Primary species candidates for the Cemdata18 database are available via CEMDATA_PRIMARIES:

# 3. Select primaries present in our species subset
dict_species = Dict(symbol(s) => s for s in species)
candidate_primaries = [dict_species[s] for s in CEMDATA_PRIMARIES if haskey(dict_species, s)]

A ChemicalSystem then computes both stoichiometric matrices at construction time:

cs = ChemicalSystem(species, candidate_primaries)
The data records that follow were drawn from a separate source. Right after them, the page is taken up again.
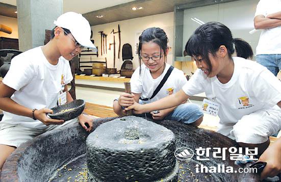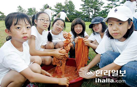 ▲자연생태문화체험장에서 황토염색하기. /사진=강경민기자 gmkang@hallailbo.co.kr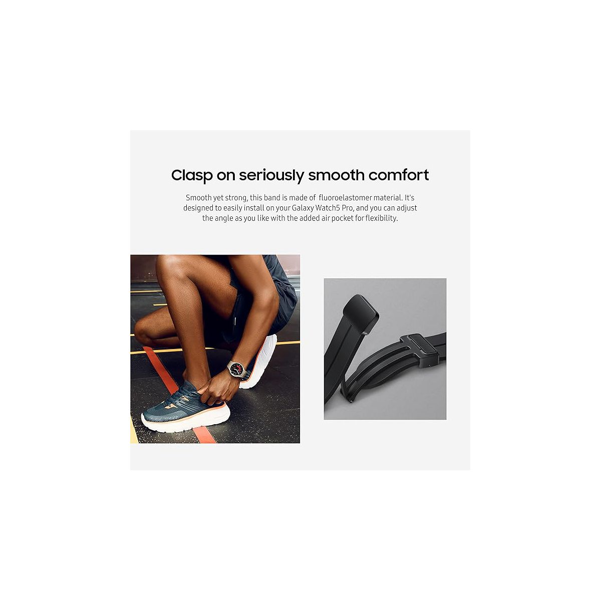 Smooth yet strong, this band is made of fluoroelastomer material. It's designed to easily install on your Galaxy Watch5 Pro, and you can adjust the angle as you like with the added air pocket for flexibility.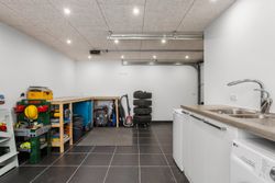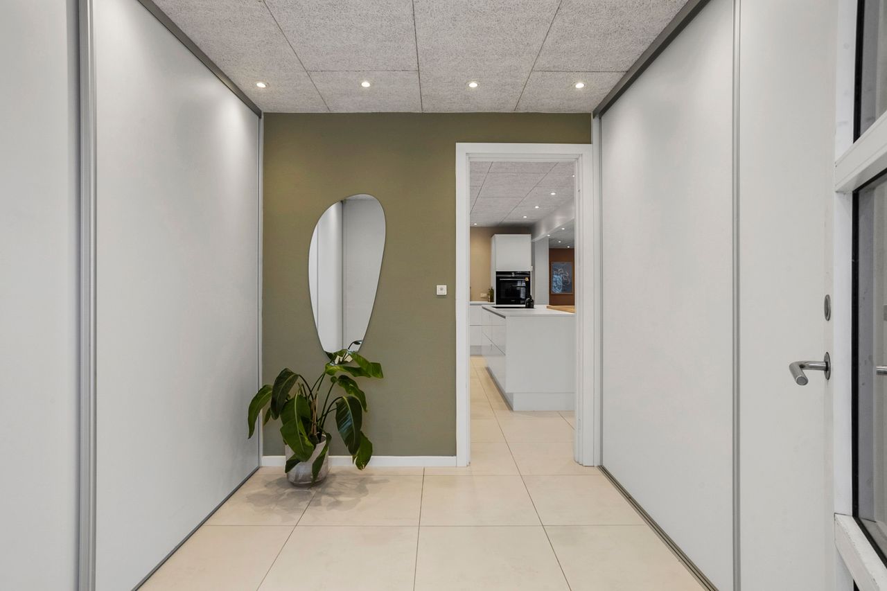 Entréen fremstår indbydende med flotte Svane-elementer og gode opbevaringsløsninger. Fra boligen er der direkte adgang til en virkelig anvendelig og isoleret garage med el-port samt praktiske bryggersfaciliteter.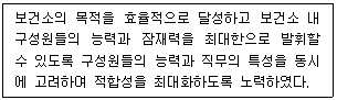 A보건소의 보건소장은 보건인력들의 효과적인 인력배치를 위해 <보기>와 같은 인력배치 원칙을 준용하였다. <보기>의 설명에 해당하는 인력배치의 원칙으로 가장 옳은 것은?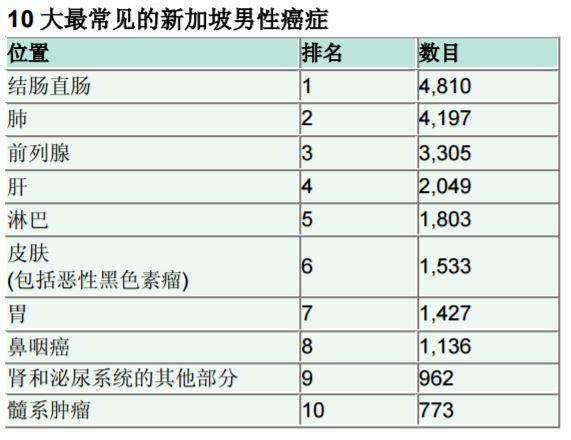 在新加坡生活压力大,常常饮食不正常,常常有一餐没有一餐的。所以现在有个报告指出结肠直肠癌(又称大肠癌)是新加坡最常见的癌症,它在新加坡男性癌症病例中排行第一,在女性癌症病例中排名第二。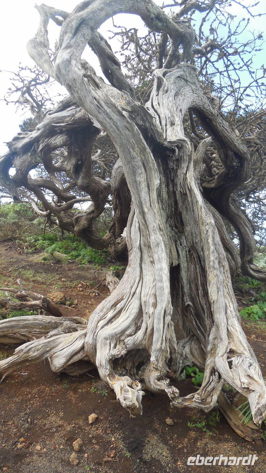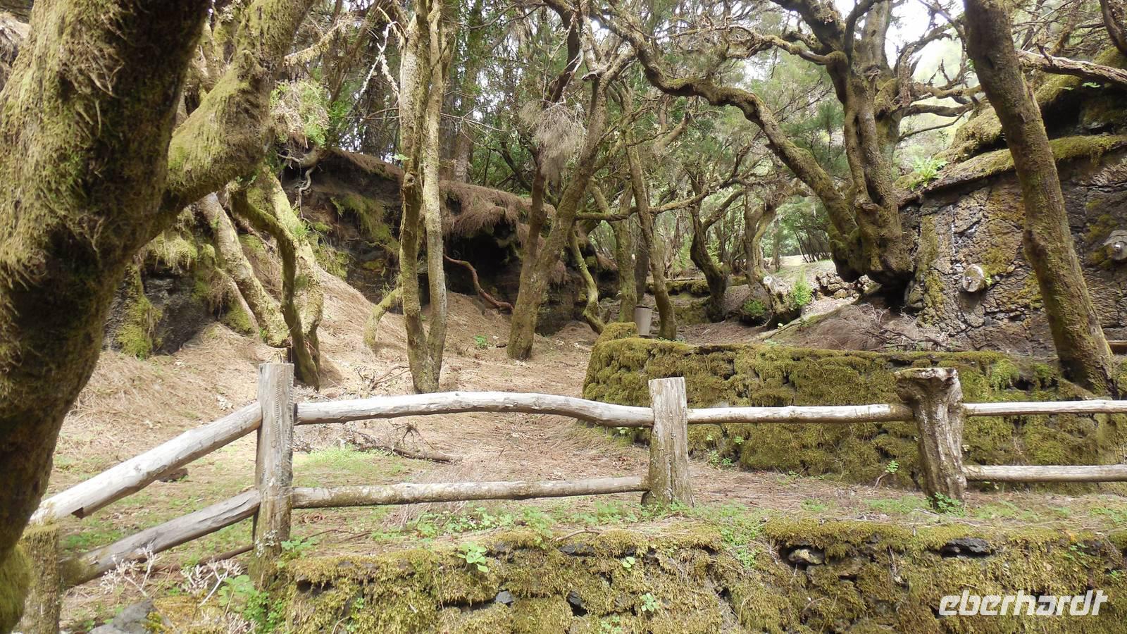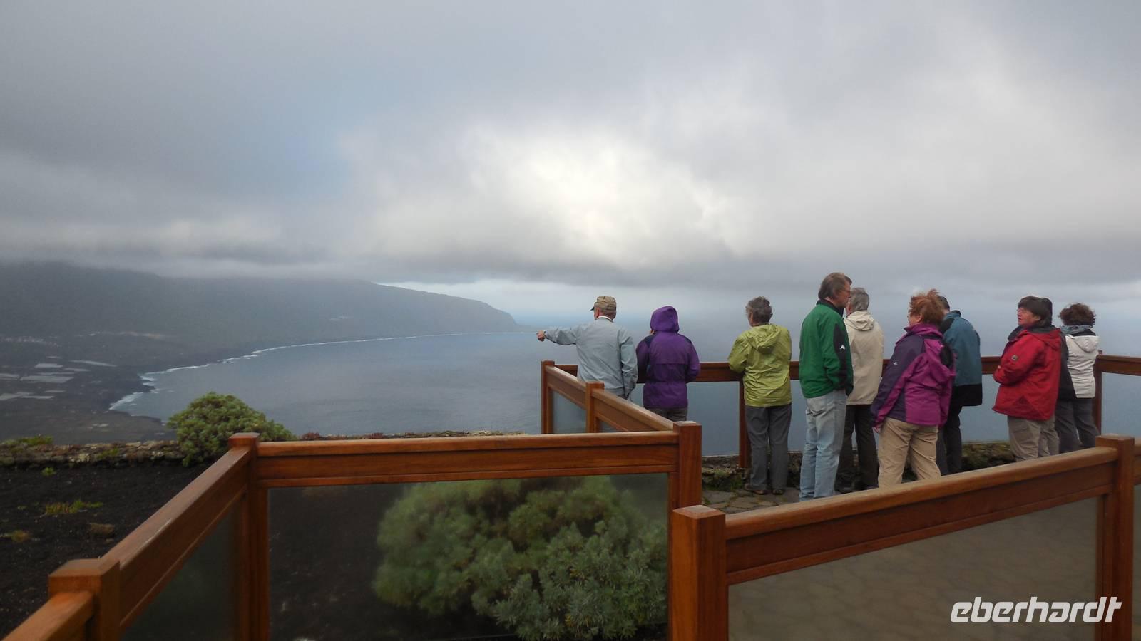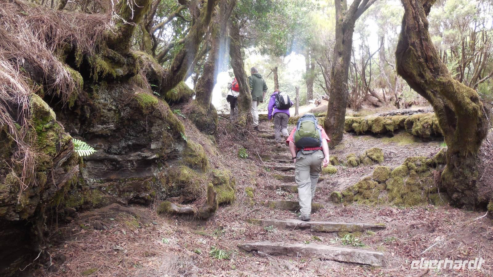 Beim Frühstück schauen wir wieder bangend gen Küste, wo das Meer tobt. Dichter Nebel umhüllt uns und wir stellen uns schon auf einen kalten Wandertag ein. Unser Fahrer bringt uns durch die Nebelwand auf einem halsbrecherischen Serpentinenweg zum Inselheiligtum. Hier auf 800 Meter Höhe geht ein ordentlicher Wind, doch wider Erwarten schauen wir bei strahlendem Sonnenschein und blauen Himmel hinunter aufs Meer. Von der Kapelle, in welcher sich die Statue der Schutzpatronin der Insel befindet, geht es auf einem Wanderweg zu den Sabinas. Hinter der Kapelle finden wir die Höhlen der Hirten vor, welche damals die Mutter Gottes bewachten. Die Sabinas (seltene Baumform) hüllen uns in Staunen - uns umgibt eine Landschaft wie im Horrorfilm! Die Baumstämme und Äste sind ineinander verwickelt und der Stamm krümmt sich in Richtung Erde, als würde der im Boden Schutz suchen. Herrliche Fotomotive bieten diese Naturfaszinationen! Hier mitten in der Natur liest uns Reiseleiter Ralf die Legende über die Ankunft der Schutzpatronin vor. Am Aussichtspunkt Los Bascos schließt ein Weg hoch hinauf in die Weiden. Die Hochweiden mit den Hirtenwegen sind in dichten Nebel gehüllt und von starkem Wind umtobt. Dieser ziemlich anstrengende Anstieg lässt uns die schwere Arbeit der damals hier lebenden Hirten am eigenen Leib erahnen. Endlich erreichen wir den Aussichtspunkt El Sabinal. Wir verschnaufen einen Augenblick und begeben uns in das nächste Landschaftsphänomen: einen dichten nebeligen und feuchten Märchenwald. Hier ist alles moosbewachsen, jeder Stein, jedes Wanderschild - nichts bleibt vom feuchten Klima verschont. Ralf verwöhnt uns mit leckeren, selbst geernteten Nispelfrüchten. Der Waldweg führt bei vielen tollen Ausblicken weiter steil den Berg hinunter bis zum Küstenort Sabinal. Hier angekommen, wäre der Camino de Dehensa endlich geschafft! Der Ort Sabinal besteht aus einen Ober- und Unterdorf, welche miteinander zerstritten sind, wie uns Ralf erzählt. Wir fahren zum Kurhotel Pozo de Salud, in welchem sich der Brunnen mit dem Heilwasser der Insel befindet. Wir kosten vom Heilwasser, welches merkwürdig salzig schmeckt und entspannen bei einem Kaffee. Auf dem Weg zum Hotel stoppen wir noch an einer interessanten Badestelle, der Charco Azul. Hier befindet sich eine Art Badehöhle, welche sich wie eine überdachte Badewanne in das Landschaftsbild einfügt. Am Abend treffen wir uns alle zu einem leckeren Abendessen wieder.

The stoichiometric matrices are then directly accessible as fields of the system:

cs.CSM   # canonical stoichiometric matrix (elements × species)
pprint(cs.CSM)
┌────┬──────┬──────┬────┬───────┬─────┬─────────────┐
│    │ H2O@ │ Ca+2 │ H+ │ CaOH+ │ OH- │ Portlandite │
├────┼──────┼──────┼────┼───────┼─────┼─────────────┤
│ Ca │      │    1 │    │     1 │     │           1 │
│  H │    2 │      │  1 │     1 │   1 │           2 │
│  O │    1 │      │    │     1 │   1 │           2 │
│ Zz │      │    2 │  1 │     1 │  -1 │             │
└────┴──────┴──────┴────┴───────┴─────┴─────────────┘
cs.SM    # stoichiometric matrix w.r.t. primaries
pprint(cs.SM)
┌──────┬──────┬──────┬────┬───────┬─────┬─────────────┐
│      │ H2O@ │ Ca+2 │ H+ │ CaOH+ │ OH- │ Portlandite │
├──────┼──────┼──────┼────┼───────┼─────┼─────────────┤
│ H2O@ │    1 │      │    │     1 │   1 │           2 │
│ Ca+2 │      │    1 │    │     1 │     │           1 │
│   H+ │      │      │  1 │    -1 │  -1 │          -2 │
└──────┴──────┴──────┴────┴───────┴─────┴─────────────┘

And independent reactions are reconstructed from cs.SM:

list_reactions = reactions(cs.SM)
3-element Vector{Reaction{Species{Int64}, Int64, Species{Int64}, Int64, Int64}}:
 H₂O@ + Ca²⁺ = Ca(OH)⁺ + H⁺
 H₂O@ = OH⁻ + H⁺
 2H₂O@ + Ca²⁺ = Ca(OH)₂ + 2H⁺
ChemicalSystem vs StoichMatrix

ChemicalSystem is the recommended entry point for equilibrium workflows: it holds the species list, reaction list, index maps and both stoichiometric matrices in one immutable object. StoichMatrix and CanonicalStoichMatrix remain available for standalone use when equilibrium solving is not needed.